Adormeço, são nove e meia da noite, nem com Gripe adormeço às nove e meia da noite. Acordo passado meia hora. Sonhei outra vez um daqueles medonhos sonhos de infância, em que um touro enorme, branco se passeia pela sala, onde estou num sofá com os outros, com quase todos, embora sejam só quatro e eu. Preocupa-me o facto de só eu me preocupar com o que o bicho possa fazer.
Acordo. Acho que agora estou acordado e acabo de escrever isto antes que o dia de aniversário de Herberto Helder termine.
4 comentários:
E ainda bem que escreveu. Depois do "esforço" nós só temos que lhe agradecer. Quanto às emoções que a poesia de H.H. lhe suscita "fico de rastos com a vida, comigo, com o que até aí era neutro e superficial e que aparece virado do avesso e me tira o sossego da paz, da idiotia" não é isso o que queremos da poesia?

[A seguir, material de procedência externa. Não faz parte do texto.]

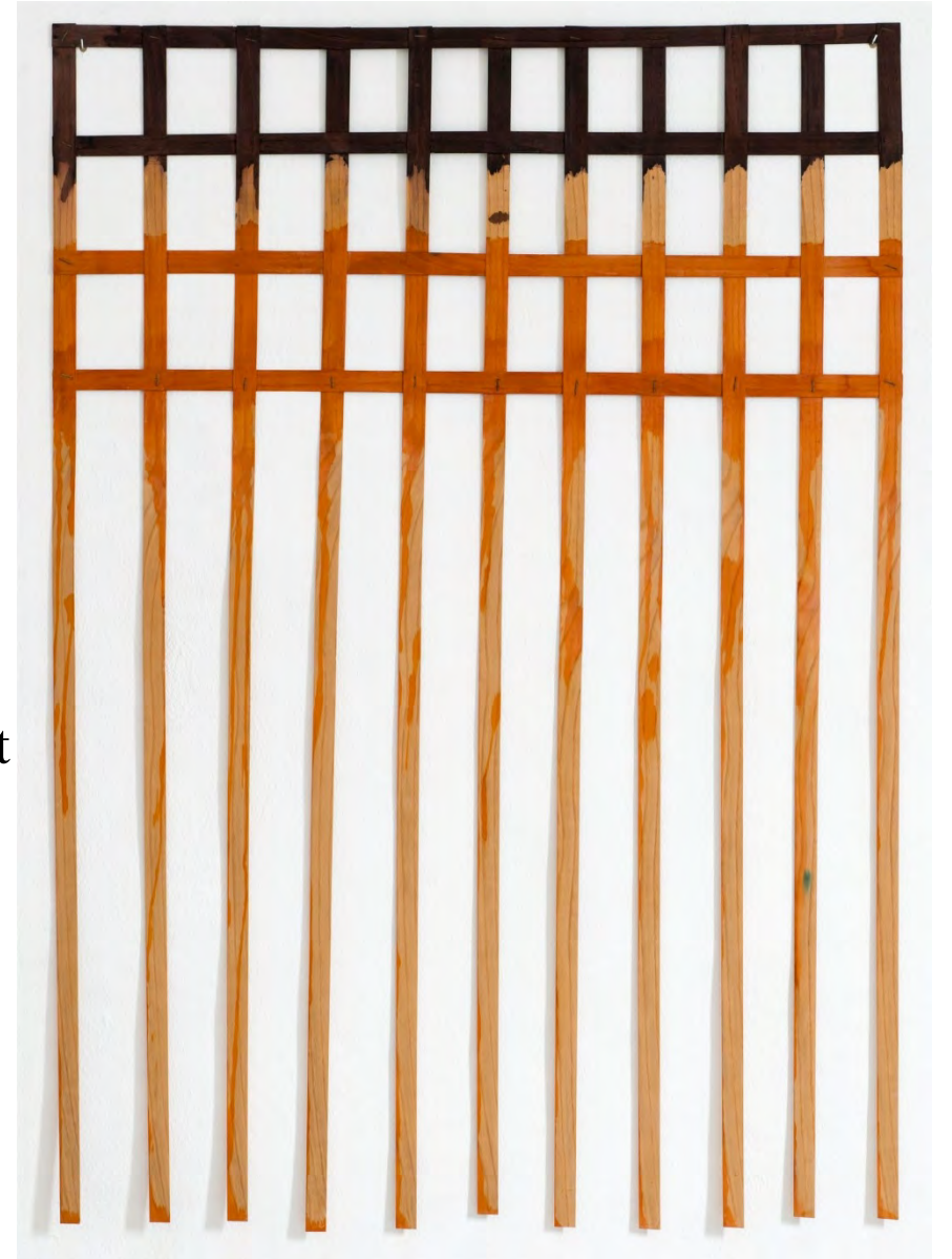
Daniel Dezeuse, Claie inachevée orange et brune , 1975, claie inachevée, bois de placage, teinture orange et brune, 131 x 96,5 cm © ADAGP, 2025
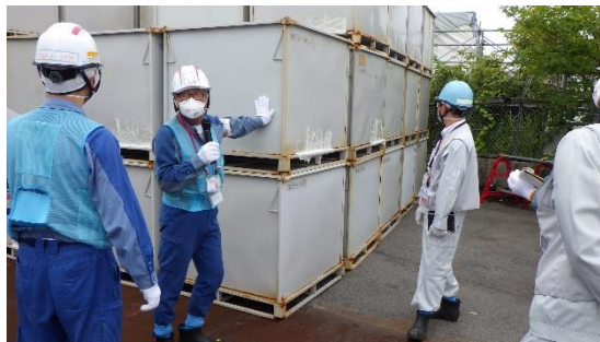
(写真3-2) 一時保管エリア W1 にて外観目視点検後に補修が実施されたコンテナの状況
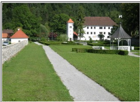
grajski kompleks s parkom
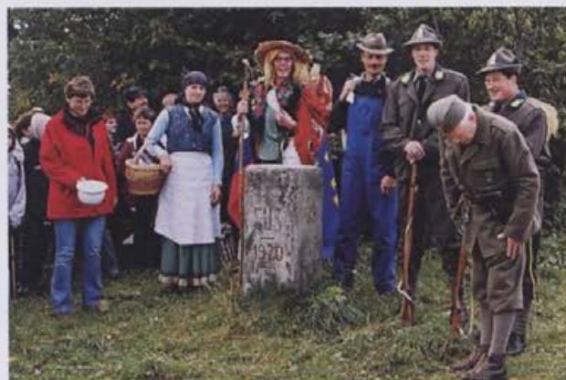
Kaj se je dogajalo ob meji, so prikazali predstavniki Turističnega društva Žiri in Sovodenj
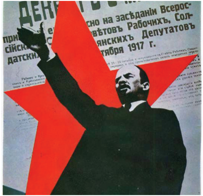
Բոլշևիկները հոշակեցին խաղաղության դեկրետ, որին հետևեց Հայաստանի հսկայական տարածքների գիշուկը հարևան պետությունների

Նկատենք՝ ես դեռ փորձում եմ խուսափել Նիկոլ Փաշինյանին ու նրա կառավարությանը պոպուլիզմի հերթական մեղադրանքն առաջադրելուց՝ անկեղծ փորձելով հասկանալ, թե ինչպես են նրանք պատկերացնում իրենց առջև դրված նպատակի իրականացումը: Որովհետև այն լուծումները, որոնք ԱՊՀ պետությունների ղեկավարների խորհրդի նիստին առաջարկել է Փաշինյանը, այն է՝ երկխոսությունը, թշնամանքի մթնոլորտի հաղթահարումը և Ադրբեջանին ՀՀ տարածքով դեպի Նախիջևան ճանապարհ տրամադրելը, իրատեսական չեն և ավելի շատ կենացներ են հիշեցնում: Համենայնդեպս, առաջին երկու կետերը միանշանակորեն այդպիսին են, իսկ երրորդը՝ թուրք-

analima: este texto custou-me a escrever e mais ainda em torná-lo público, às vezes questiono-me muito sobre a "sanidade", para não dizer dignidade do que aqui vou fazendo, por isso agradeço-lhe o comentário. Não que ele desculpe ou justifique a eventual indignidade, mas porque de alguma forma interrompe o impulso de deixar de escrever aqui.
Eu da poesia não quero particularmente nada, assim como a música ou o cinema são basicamente meios para me dissociar do eu, para o forçar a uma "sincronia". não com outro mas com "nós" (espécie de gente num tempo) com o meu eu aí incluído. O que acontece na poesia de Herberto Helder é que ela tem um poder de dissociação e de "desintegração" desse eu e mesmo desse nós que me remete para uma espécie de conhecimento anterior, assustador. Encandeia.
Tiago: as razões que temos para escrever nestas coisas dos blogues são normalmente muito nossas e, se bem que se possam encontrar padrões, raramente são repetíveis por outro. A vantagem é que, se o blogue é meramente pessoal, não há qualquer obrigatoriedade exterior para continuar a escrever. Talvez apenas uma vontade interior. Da parte de quem agora descobriu o Amor ao Quadrado não gostaria que o seu impulso de deixar de escrever aqui se concretizasse.
Pensando bem acho que tem razão em relação à poesia. Não querer nada dela é o que nos permite sentir cada emoção que nos proporciona como algo de inesperado, de novo e por isso a sensação de que valeu a pena lê-la. O problema é que há poetas que nos habituam mal e que, quanto mais os lemos mais nos (os nossos diversos eus) tornamos dependentes. (E no caso de Helberto Helder eu nem sequer posso dizer muito porque não conheço grande parte da sua obra).
Que dizer? Nada! Escutar só as palavras. As suas. Por isso, as palavras, pedem silêncio. É talvez um pouco como o fado. O silêncio é destino nas palavras. A poesia de Herberto Helder não cabe nem em definições e muito menos em pré-definições. Insulta-nos por falta de coragem. Esta é, para mim, a verdade de Herberto Helder. E talvez a sua. E talvez a minha. Por isso existem noites em que adormecemos às 9 da noite, para acordarmos meia hora depois com um touro branco sentado ao nosso lado no sofá. Obrigado Tiago. Você obrigou-me a reler todo o Herberto Helder com a alma sentada de sofá ao meu lado.